Next week, BHP Group Ltd (ASX: BHP) shares will be in focus when the mining giant releases its latest quarterly update.
Ahead of the release, let's take a look to see what the market is expecting from the Big Australian on 18 October.
BHP quarterly update preview
According to a note out of Goldman Sachs, it is expecting BHP to report production declines across the board during the first quarter of FY 2024.
From the miner's copper operations, the broker has pencilled in production of 439Mt, which is down 8% quarter on quarter. The consensus is a little more positive and expects copper production to come in at 450Mt for the three months.
As for its key iron ore operations, Goldman is forecasting production of 68.8Mt. This represents a quarter on quarter decline of 3%. Though, once again, the market is expecting a stronger result, with the consensus estimate implying a modest quarter on quarter lift in production to 71.6Mt.
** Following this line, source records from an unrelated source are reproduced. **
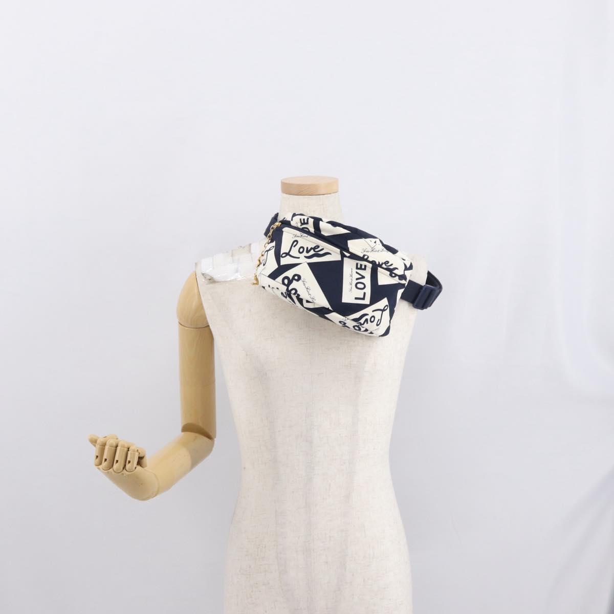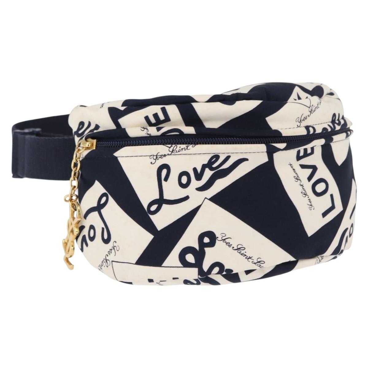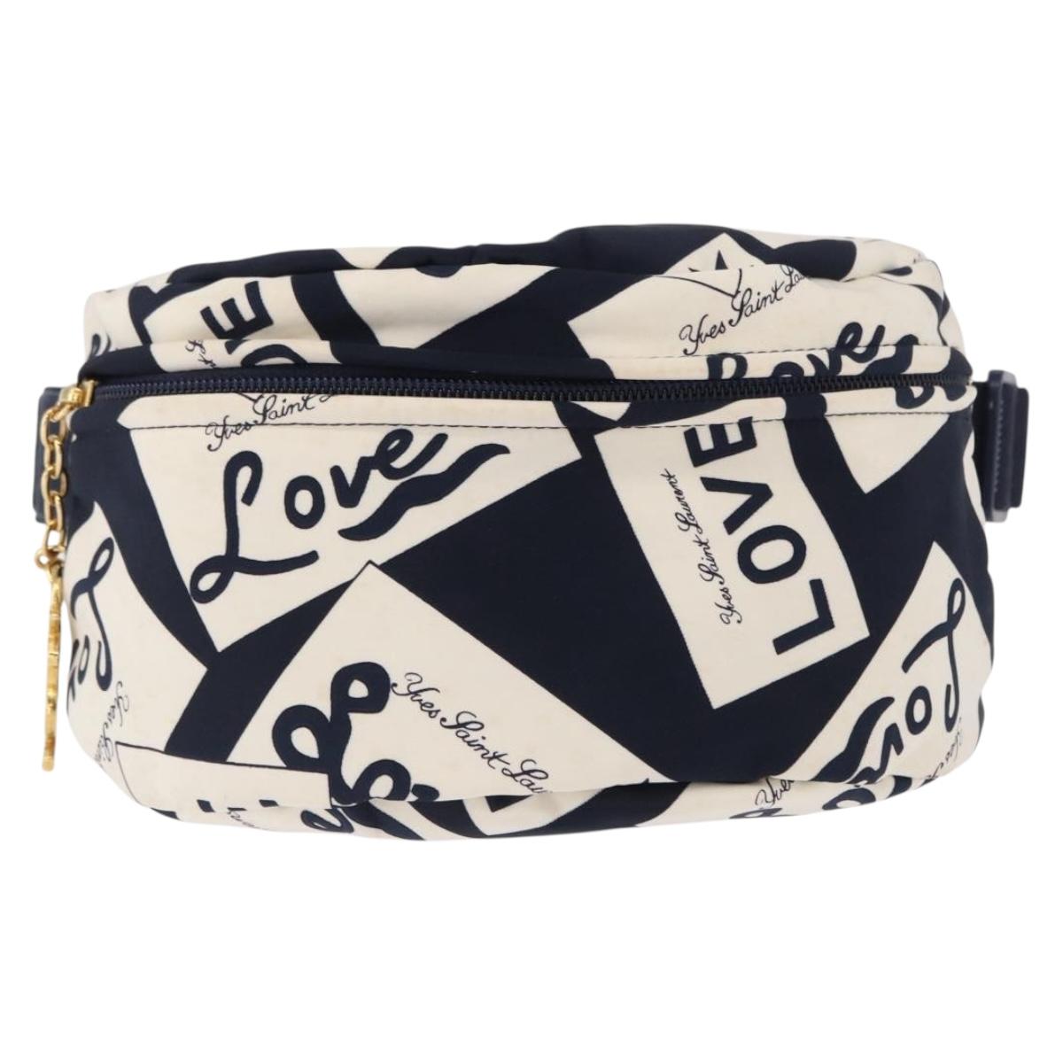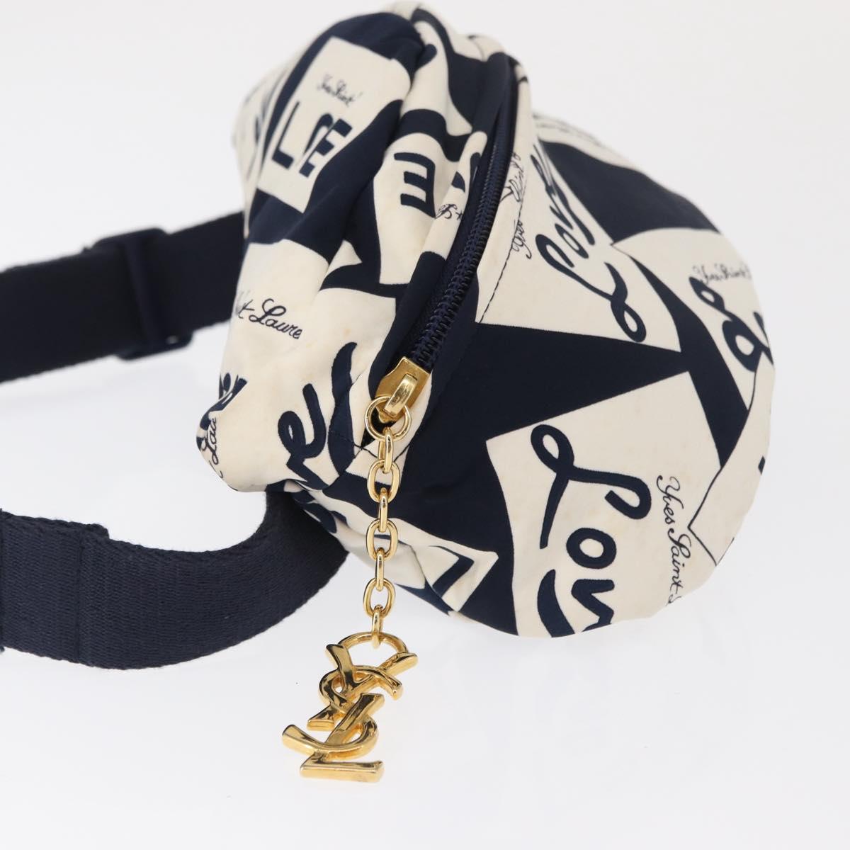 SAINT LAURENT Waist Bag Nylon Navy White gold Auth BA9870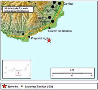 El movimiento se ha localizado en el municipio de Agüimes aunque el epicentro se ha producido en las cercanías de la playa del Inglés, en San Bartolomé de Tirajana, a unos diez kilómetros de la costa y a unos 30 metros de profundidad.
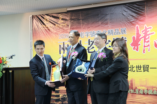 台北市进出口商业同业工会总干事黄俊国和浙江省老字号企业协会秘书长丁惠敏在会上分别致词。丁惠敏向台湾媒体介绍了浙江省老字号企业的渊源、发展历程和现状以及精品展基本概况。浙江省老字号企业协会会长、胡庆余堂掌门人冯根生和台北市进出口商业同业工会总干事黄俊国代表双方互赠了礼物。
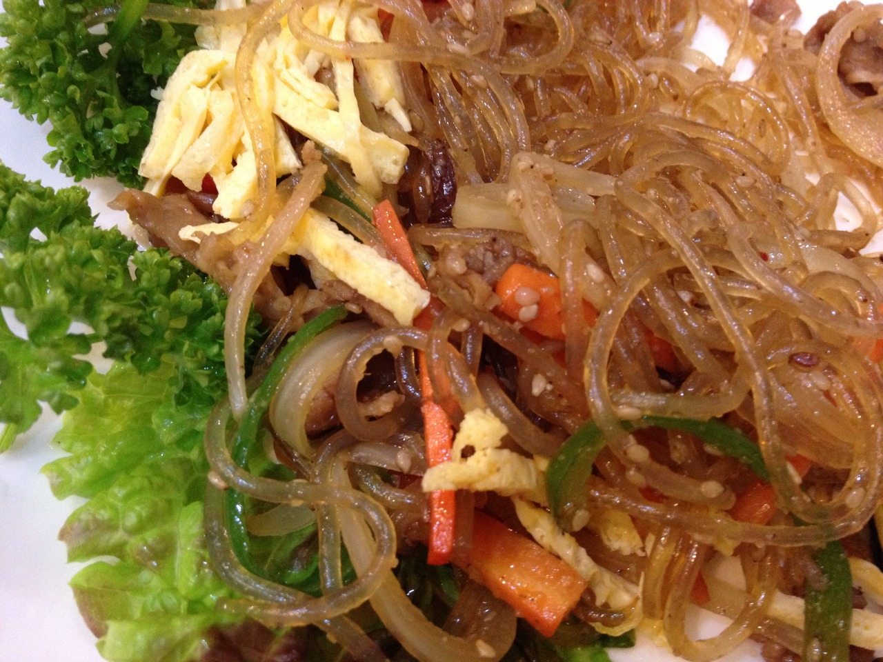 チャプチェ、海鮮チヂミ、豆腐キムチ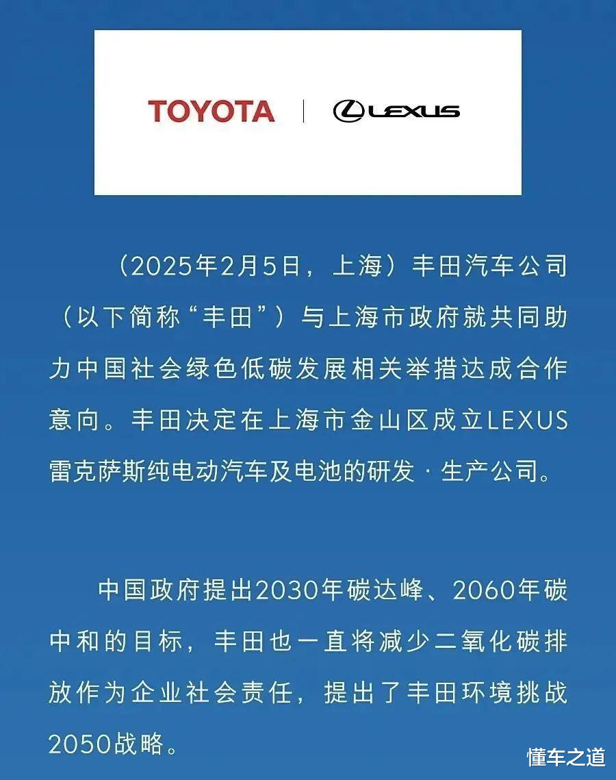 丰田汽车公司与上海市政府就共同助力中国社会绿色低碳发展相关举措达成合作意向。丰田决定在上海市金山区成立LEXUS雷克萨斯纯电动汽车及电池的研发·生产公司。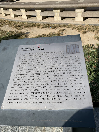 Monumento a Giuseppe Verdi - Universalmente riconosciuto come il simbolo del melodramma italiano del Romanticismo, Giuseppe Fortunino Francesco Verdi (Le Roncole, 10 ottobre 1813 – Milano, 27 gennaio 1901) ha rispecchiato gli stati d’animo del suo tempo. L’ara centrale in granito con altorilievi in bronzo dello scultore palermitano Ettore Ximenes è ciò che rimane del maestoso complesso monumentale precedentemente collocato frontalmente alla stazione. La parte anteriore dell’Ara verdiana riporta un altorilievo bronzeo nel quale è rappresentato Giuseppe Verdi assorto in meditazione, attorniato dalle Muse che sembrano sussurrargli l’Ispirazione, la Melodia, il Canto, il Ritmo della Danza, l’Amore e la Morte. Nella parte posteriore, emergono tre ulteriori altorilievi. Da sinistra e destra: la scena della proclamazione all’unanimità dell’annessione al regno dell’Alta Italia, tenutasi il 12 settembre 1859; la festosa accoglienza del popolo riservata a Verdi al suo arrivo a Torino; la consegna da parte di Verdi al Re Vittorio Emanuele II, dei risultati del Plebiscito di annessione al Piemonte da parte delle...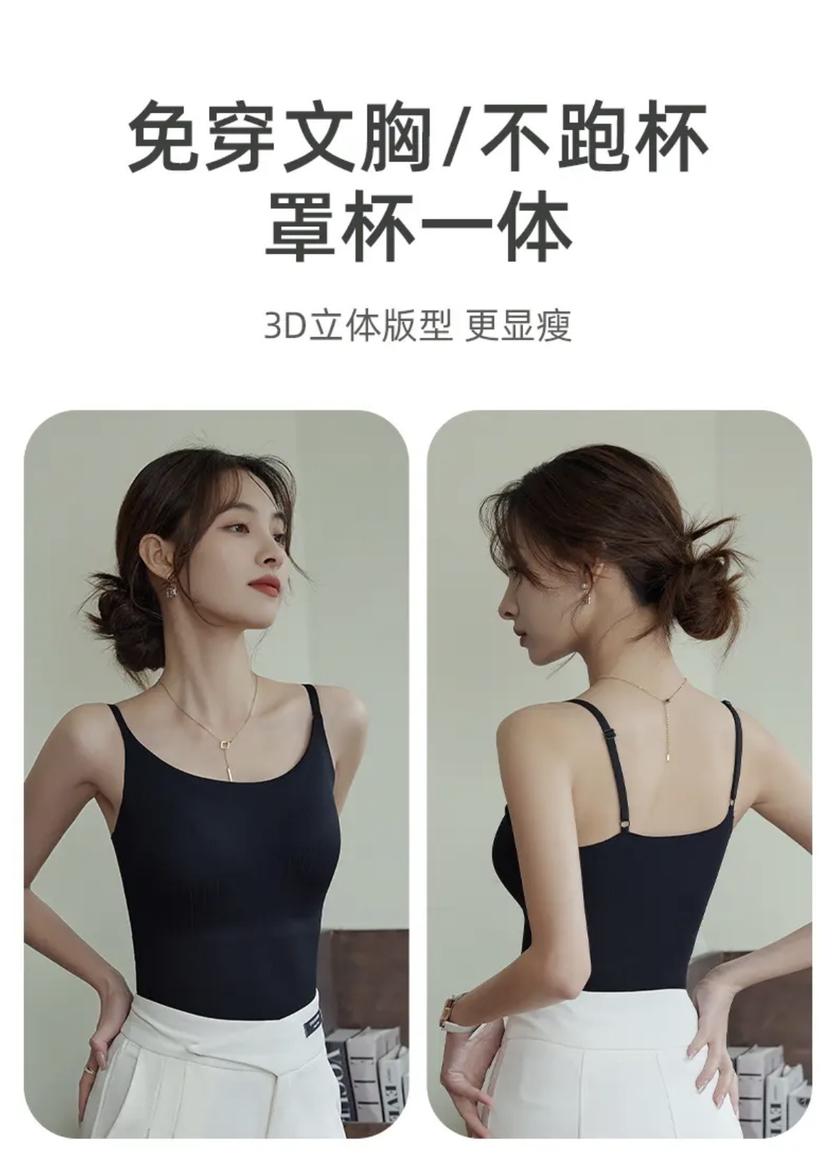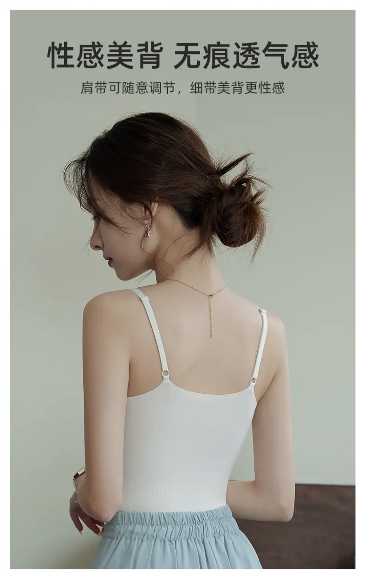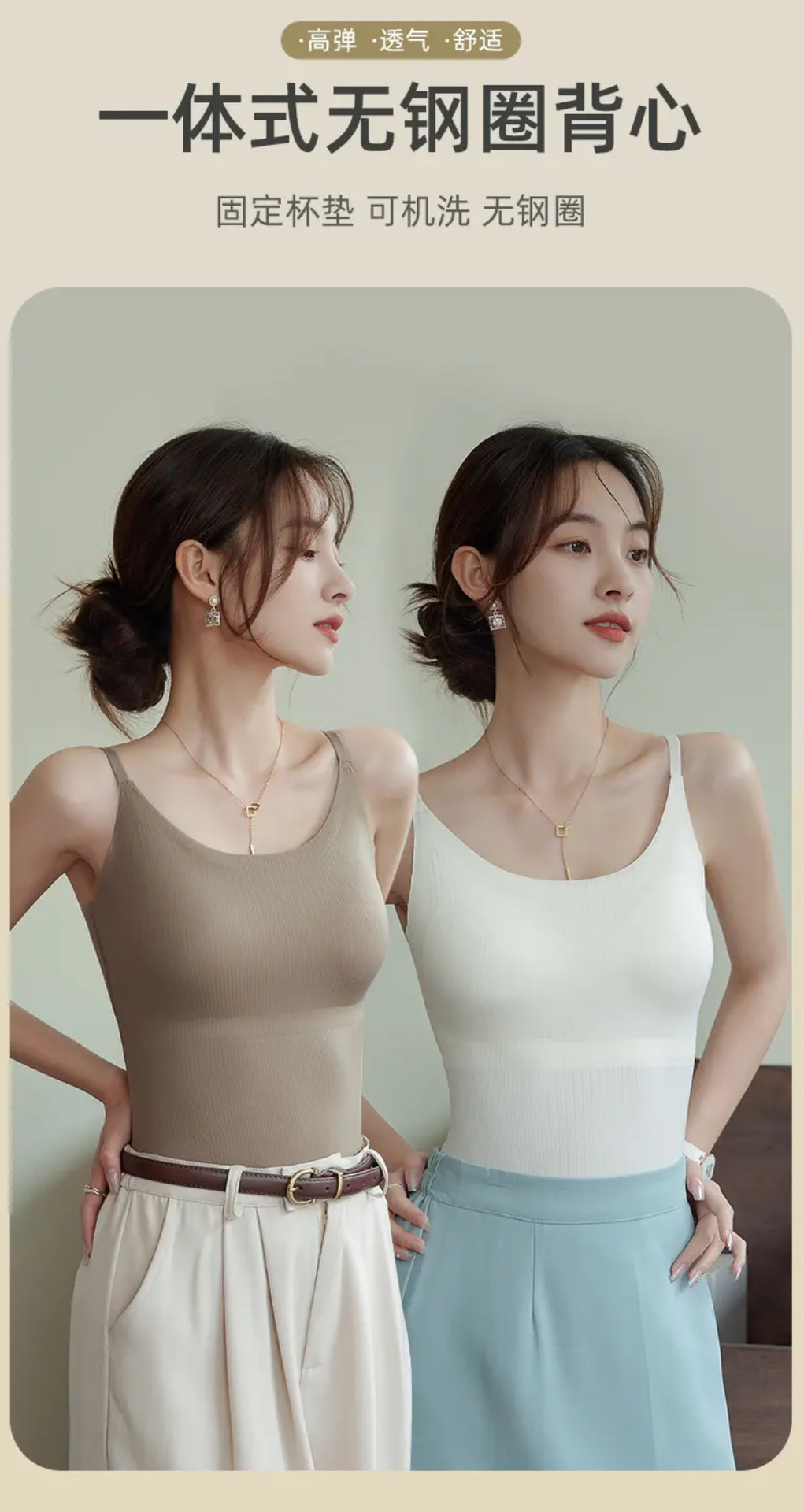 소자본 여성용 솔리드 컬러 캐미솔, 일체형 고정 가슴 패드 베이스 레이어, 슬리밍 및 아름다운 등 여성스토어 가기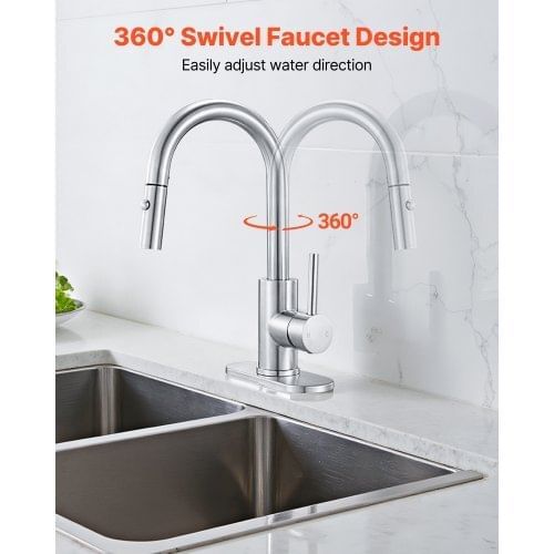 - VEVOR Single Handle Sink Faucet Brushed Nickel Pull-Down Kitchen Sink Faucet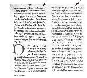–Caixa de justificació: Espai rectangular format per les quatre línies que delimiten la justificació pels quatre costats de la pàgina i que eventualment pot ser dividit en columnes. Nota: Aquest espai delimitat pot estar totalment o parcialment ocupat per l’escriptura.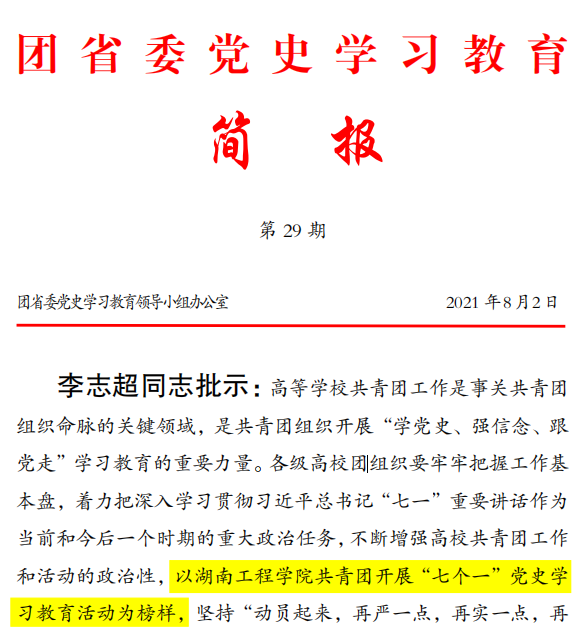 近日,团省委党史学习教育简报(第29期)以“taptap点点体育共青团开展‘七个一’党史学习教育”为题,专题报道了taptap点点共青团多措并举学党史的有关特色做法,团省委书记李志超在简报上做出专门批示,号召全省高校以taptap点点为榜样开展党史学习教育。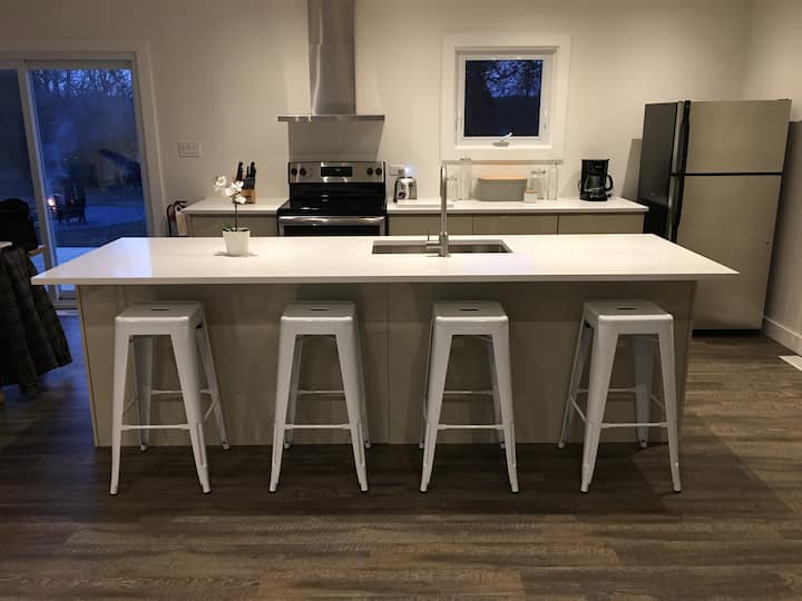 包括设备齐全的厨房(包括冰箱、烤箱、烤箱、洗碗机、微波炉、咖啡机(请自带胶囊)、搅拌机、烤面包机、玻璃器皿、餐具等)、早餐吧、用餐区(最多可容纳8位房客)、座位区,配备智能电视( Netflix、亚马逊Prime等)。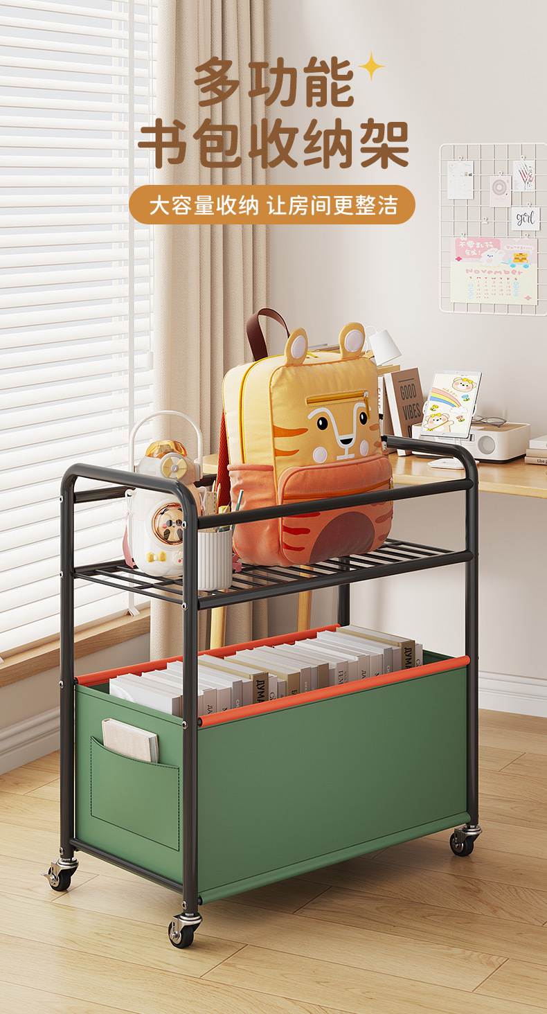 학생 책상 책장 Schoolbag 보관 랙 트롤리 바닥 다층 보관 상자 모바일 책장 책상 아래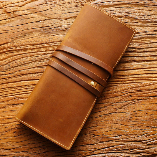 Crazy Horse Cowhide Pencil Bag Simple Literature And Art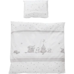 Het omkeerbare beddengoed van roba is een absoluut hoogtepunt in de babykamer. Het hoogwaardige 2-delige babybedlinnen bestaat uit een kussenhoes 40 cm x 35 cm en een dekbedovertrek 100 cm x 80 cm en is gemaakt van huidvriendelijk en ademend katoen.

Finally, Goldman believes that met coal and nickel production could disappoint with 16% and 19% declines quarter on quarter, respectively. This will mean met coal production of 71.Mt (versus consensus 7.4Mt) and nickel production of 17.9kt (versus consensus 19.6kt).
Are BHP shares a buy?
Despite forecasting below-consensus production from the mining giant, Goldman still has a buy rating and a $46.50 price target on BHP's shares. This implies a modest upside of 3.3% from current levels.
Elsewhere, the team at Morgans is more bullish and has a buy rating and a $50 price target on its shares. This suggests a more appealing 11% return over the next 12 months.
In addition, both brokers are forecasting attractive dividend yields in FY 2024. Goldman expects a 4.35% yield and Morgans expects a 6.3% yield.